I have two access points ( AP-1 and AP-2) in one of our office area . All the AP's are connected to WLC. I see a lot of users are getting connected to AP-1 ( around 40) and Complain about slow internet speed. Whereas users connecting to AP-2 is very less ( around 6). How can i make the users connect to AP-2 Instead of AP-1. These two AP's are close to each other (may be around 10 ft away). How can i resolve this. 

 

Please Help.

 

Regards,

Rick

10 Replies 10

d.friday
Level 4
Level 4
You can try to enable Client Load Balancing
You can find this setting under your WLAN > Advanced > Load Balancing and Band Select > check the box next to Client Load Balancing
You may find some older clients do not like this setting and may cause voice issues.
I would also recommend moving the APs farther apart you my experience Co channel interference.

Hi Friday,

I do not find any check box at that window: Wireless > Advanced > Load Balancing and Band Select

Rick!

WLAN > select your SSID and look under advanced

Thanks Friday. I got it. what is the actual function of "Client Load Balancing "and "Client Band Select " ?

Check this:
https://rscciew.wordpress.com/2014/10/26/cisco-load-balancing-feature/
Please note, usually you'll have more problems than gains from enabling Client Load Balancing.

Hi Rick,

In wireless, roaming decision entirely determine by each client. Once they first associate to an AP, unless its roaming criteria triggered, it will stick to that AP. So you cannot do a lot to control this situation.

 

However, I would check power level of these APs & see if reducing AP-1 foot print help in this scenario.

 

You can get power details using below CLI command from your WLC

 

show advanced 802.11a summary
show advanced 802.11b summary

 

HTH

Rasika

*** Pls rate all useful responses ***

I agree that the power level is a great thing to check.

Hi Rasika,
Thank you for the Info. FYI, The two AP operates both 802.11a/n/ac and 802.11b/g/n Radio.

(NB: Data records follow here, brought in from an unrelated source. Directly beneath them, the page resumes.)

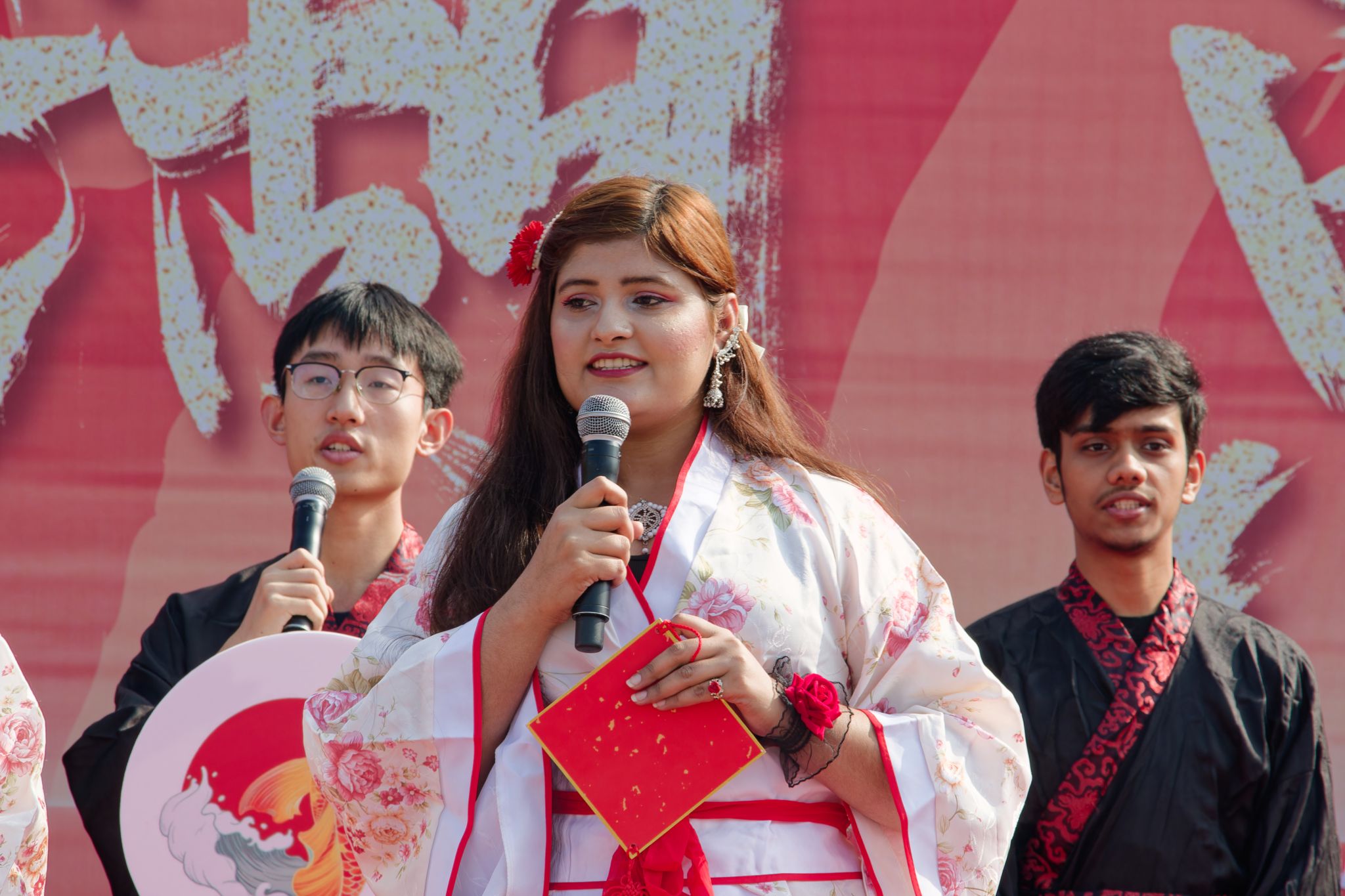 留学生与笛萧协会诗朗诵特写 孙正恒摄
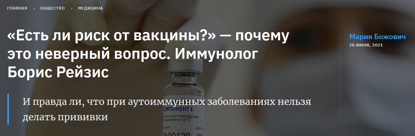 На мой взгляд, толковое интервью с иммунологом Борисом Рейзисом, профессором Нью-Йоркского университета (NYU): о том, какие могут быть риски прививки от ковида - "«Есть ли риск от вакцины?» — почему это неверный вопрос. Иммунолог Борис Рейзис".
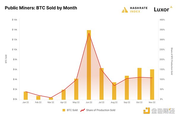 在 2022 年的前四个月,处于囤币模式的上市矿企卖出量低于其产量的 100%。随着 4 月份市场条件的恶化,他们开始清算其比特币存量,并在今年首次出售超过其产量的 100%。6 月时,比特币抛售量达到顶峰,当时抛售量是其产量的 350%。在接下来的几个月里,抛售局面有所缓和,比特币存量已“有条不紊”地被耗尽,出售量为其产量的 100%-150%。
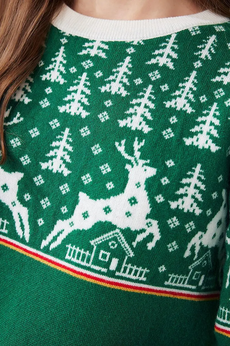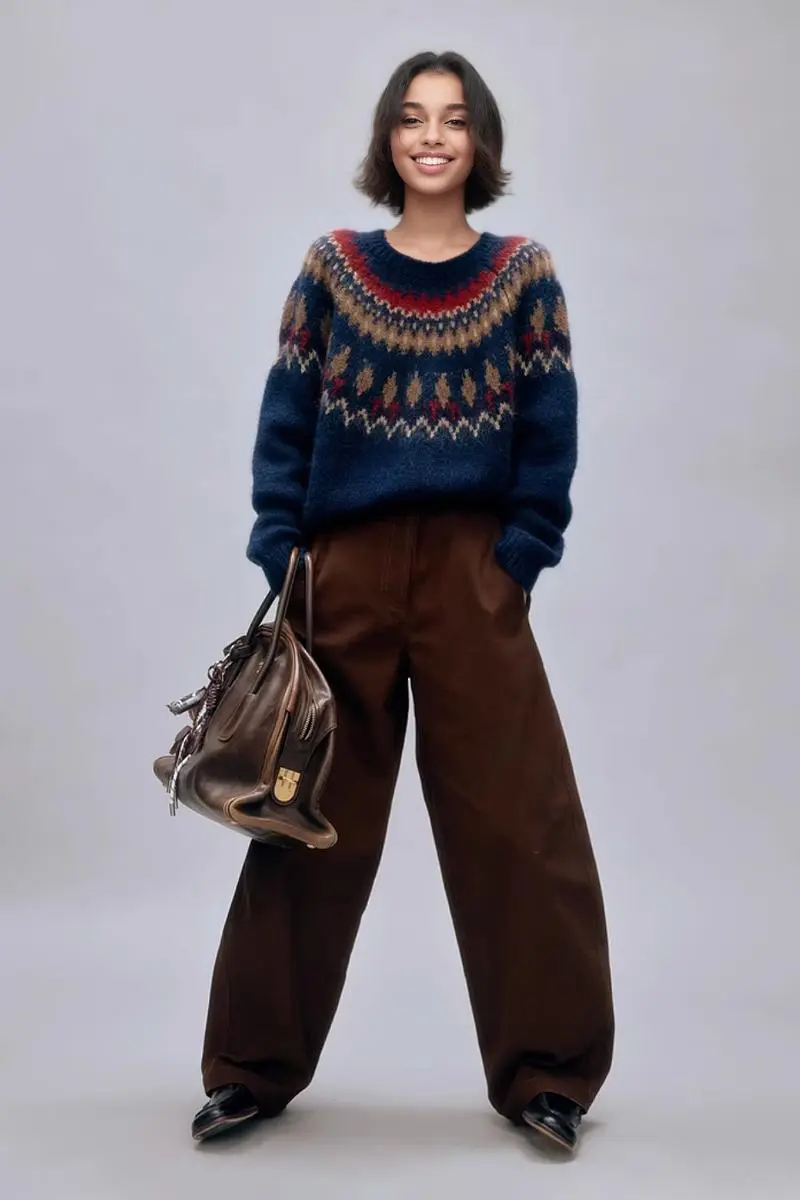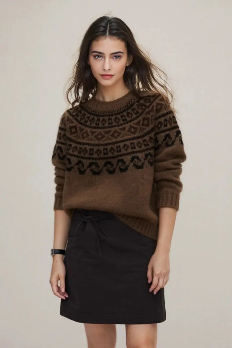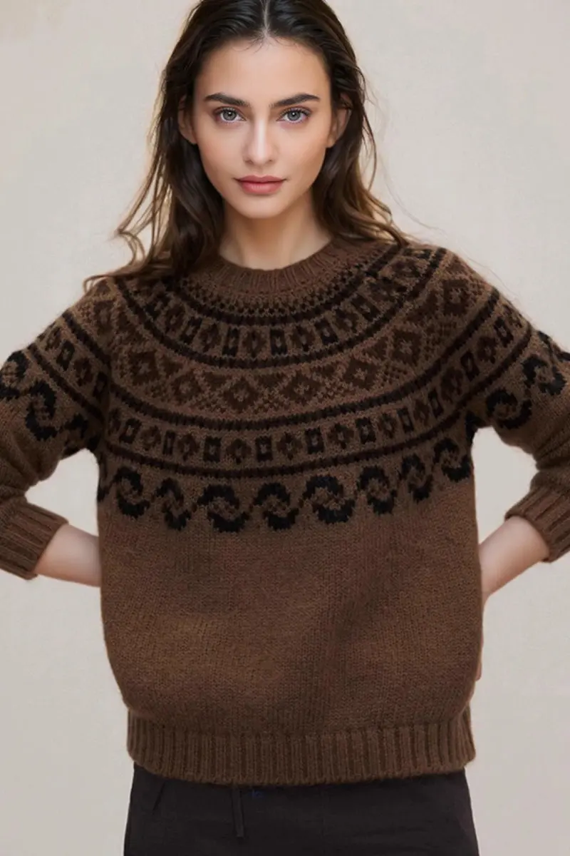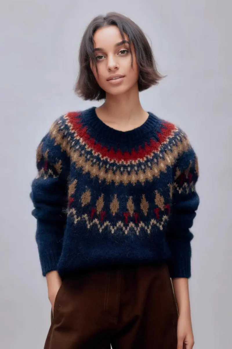 100 Wool Chunky Fair Isle Christmas Crewneck Sweater

show advanced 802.11a summary output for two AP are as follows:
AP1: Slot:1 Channel :(64,60)* Tx Power: *4/5 ( 7 dBm)
AP2: Slot1 Channel :(153,149)* Tx Power *1/8 (23 dBm)

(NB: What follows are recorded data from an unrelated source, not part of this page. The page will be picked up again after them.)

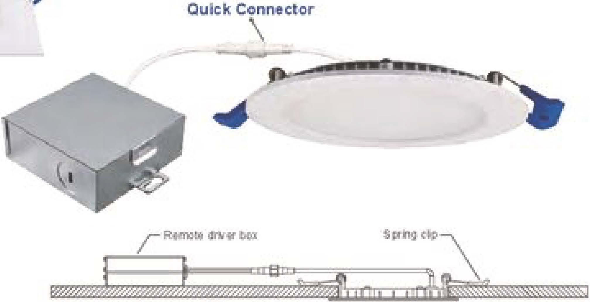 Mounting: No housing is required, two tensions steel spring clips secure luminaires to the ceiling. Luminaires accept ceiling thicknesses from 3/8 " to 5/16 ". New construction frame-ins are available, see accessories.
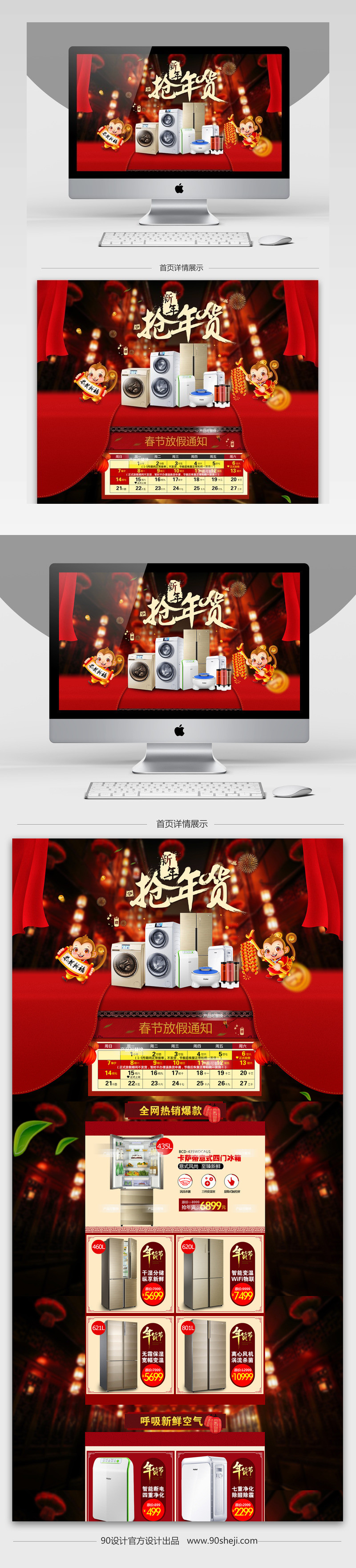 淘宝首页 年货节 家电 简约 喜庆 中国风 中国年 四门冰箱 双开门 净化器 白色 生活电器 psd模板 &稀饭丸子
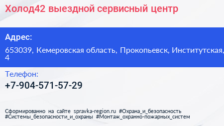 Холод42, выездной сервисный центр по адресу 653039, Кемеровская область, Прокопьевск, Институтская, 4 в дальнейшем Организация, размещена в следующих категориях:

show advanced 802.11b summary output for two AP are as follows:
AP1: Channel : 6* Tx Power *1/5 (16 dBm)
AP2: Channel :1* Tx Power : *1/5 (16 dBm)

Regards
Rick

ammahend
VIP
VIP

I agree with all points above, since the client difference is significant (40 vs 6), I would recommend to try load balancing feature under WLAN. Keep the default client window setting which I believe is 5. After the change, after users reassociate, under idle situation you should client count load balanced as n and n+5 between 2 APs

-hope this helps-

Leo Laohoo
Hall of Fame
Hall of Fame

@Rickey369 wrote:

All the AP's are connected to WLC. I see a lot of users are getting connected to AP-1 ( around 40) and Complain about slow internet speed.


1.  Wireless clients make the ultimate decision to join which AP.  If the wireless clients are running very old wireless NIC drivers then the behaviour you're seeing is "normal".  Get the wireless NIC drivers and see if it improve things. 

2.  What radios are the clients complaining of slow sleep connected to?  2.4 Ghz radio?

WARNING:  Enabling AP "load balancing" is counter productive.